There is still a place for Derek Del Boy Chisora In the British house of heavyweight boxing. The big lad is not finished just yet.
Late on Saturday night, at a transformed Wembley SSE Arena, Chisora lost a decision over twelve rounds to Oleksandr Usyk. The fight was an eliminator for the right to fight Anthony Joshua and it was also meant to be the launch of Usyk as a heavyweight and Chisora’s last dance. Joshua was ringside in the latest boxing bubble, standing, throwing punches, ducking punches and trying to help Chisora, an old, old friend of his, win.
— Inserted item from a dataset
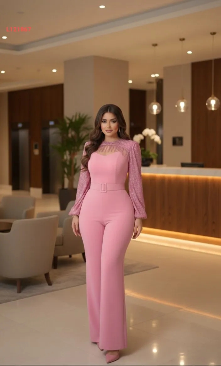 أفرول سهرة بأكمام لامعة، مع حزام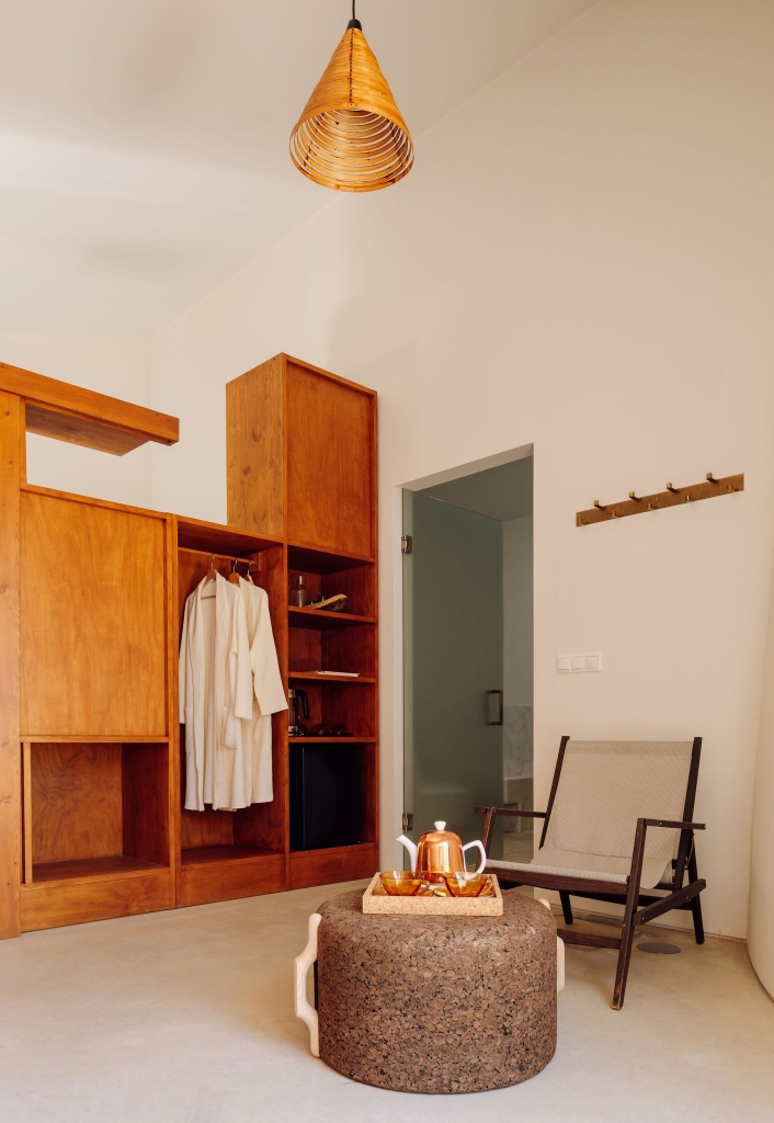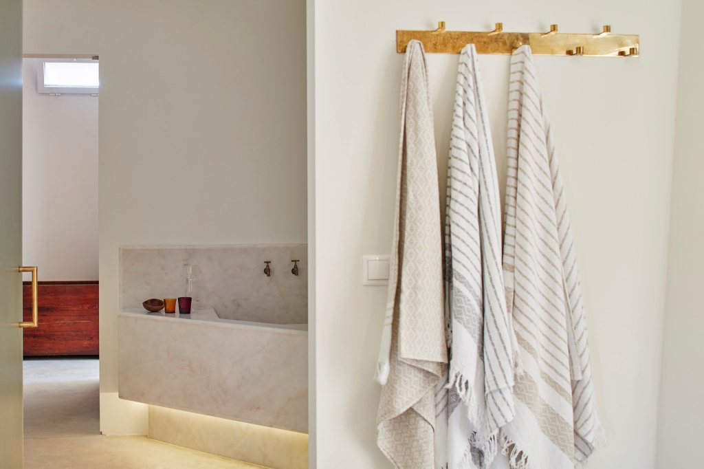 Anche qui generose panche in marmo si adeguano alla morfologia dello spazio creando una geometria calda e invitante, mentre scaffalature in legno dalle tinte profonde si affiancano a pezzi in pietra naturale, tessili in lino grezzo e lampadari in paglia intrecciata, creando un layout che affonda le sue radici nel passato ma con ricercati dettagli di inequivocabile contemporaneità.

In the mock outrage at the outcome, it seems that Usyk’s arrival and Chisora’s departure might both be delayed. If this fight had been at the O2 in front of 18,000 fanatical Chisora worshippers, which was the plan before the lockdown, there is a very real threat that it would be considered a harsh decision. The angry howling of a mob often lingers longer in the memory than a dozen rounds of educated self-defence and masterful accuracy. Never forget that crazy swings, which miss by six inches, look like the greatest punch ever thrown from a seat 150 feet away - a live crowd would, I have no doubt, have voted unanimously for Chisora on Saturday night.
After the fight and as midnight approached, there was a growing sense that Chisora deserved more from the pens of the three judges. However, the arguments in favour of a draw or a Chisora win are misleading and that is because winning fights on guts has never been a scoring requirement. Losing fights on guts is, however, part of why Del Boy is so adored in my industry. And, the final results have nothing to do with “it depends what you like in a fight - aggression or boxing skills”, which is a stupid convenience used by losing fighters, their fans and their handlers whenever their brand of fighting fails to persuade the judges.
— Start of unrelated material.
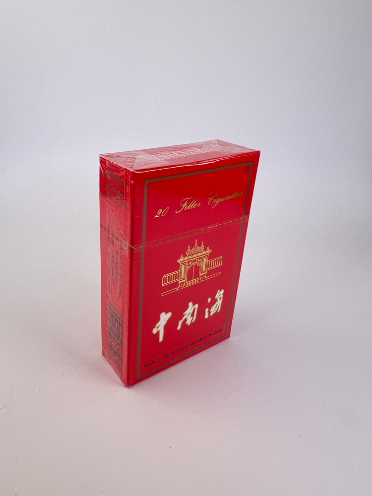 Ryškiai raudonas, klasikinės struktūros pakelis su subtiliu aukso rėmeliu ir aukso spalvos įrašais. Viršutinėje dalyje – užrašas „20 Filter Cigarettes“, centre – Pekino Zhongnanhai komplekso vartų iliustracija, simbolizuojanti Kinijos valstybingumo širdį. Žemiau stambiai įrašytas prekės ženklas „ZHONGNANHAI“. Dizainas pasižymi aiškia hierarchine kompozicija, derinančia nacionalinį simbolizmą ir elegantišką minimalizmą. Raudona ir auksinė spalvos tradiciškai perteikia prestižą, sėkmę bei aukštą socialinį statusą – dažnas motyvas kiniškų cigarečių pakuotėse, skirtose vidaus rinkai.

Chisora lost the fight fair and square, his bravery and heart never in doubt as he was picked off, made to miss dozens of times and staggered badly at the end of round seven. Chisora never stopped trying to come forward, but after about round three he fought like a man on a heroic losing mission, a man aware that he would be judged at the final bell on his willingness and ability to take punishment. He succeeded, we still love him and there is certainly no need for him to pull the slippers on just yet.
Chisora did have a perfect start, the start he promised and the start that David Haye, now his manager but once his enemy and opponent, predicted. Haye was furious at the final verdict, genuinely outraged and that type of blinkered conviction can be contagious - it can also be dangerous. A second watch, in a darkened room with a camomile tea, will probably reveal the painful details of Del Boy’s lost cause.
Usyk was caught and pushed back and shocked by Chisora’s opening pace in rounds one and two. It was the ideal start, the way for Chisora to use his years in big, big heavyweight fights, and his three-stone weights advantage, to make an immediate impression on the Ukrainian, a man being grandly pushed as the future of the heavyweight division. Usyk stumbled, moved, ran, turned away, smiled and was relieved to hear the bell to end the first round; at that point, after one completed round, Chisora’s chance had gone. It might sound harsh, but it is true because the element of surprise was removed from the fight. The speedy opening gambit was gone, Usyk knew then exactly what he had to do, he knew the threat level. Usyk might never be a great heavyweight, but he will always be a great thinker in the ring.
Once Usyk had his feet and hands working together, once he had measured the wild arcs of Chisora’s looping shots, he slowly transformed the fight. It was not a beating, but it was not close, not even remotely. Chisora was made to miss, touched with punches, caught with counters and hit with enough power to leave his face swollen at the very end. In round seven he was badly hurt, which he denies, just before the bell sounded and he stumbled as his inexperienced corner team sat him down. It was a worrying moment, dismissed at the end.
Chisora stopped throwing body shots after round three, seldom led with a jab and simply tried to repeat the success of the first round. A brief reprieve in rounds ten and eleven only added to the discontent when the verdict was read - Chisora still lost the rounds, but he did better in rounds ten and eleven than he had done in rounds three through nine. It is a delusional way to score a fight, a system based on improvement and not control; Usyk had to concentrate and work hard, but he had control.
There is a big, bold argument that Usyk won ten of the twelve rounds and an even stronger argument that Del Boy, without the emotion of attachment, lost ten of the twelve rounds. Eddie Hearn, the promoter, sat with Haye and thought it was real tight, but he admitted that he would sit down in silence and watch it again. It is a sensible, emotion-free plan and he will see a different fight.
The scores were 117-112 and 115-113 twice in Usyk’s favour. He is now a heavyweight after unifying all the belts at cruiserweight. Del Boy will go away, keep the momentum going for a rematch and then find another heavyweight mask for when he returns. He will be welcomed back and people will talk about the night he was robbed in his fight with Usyk.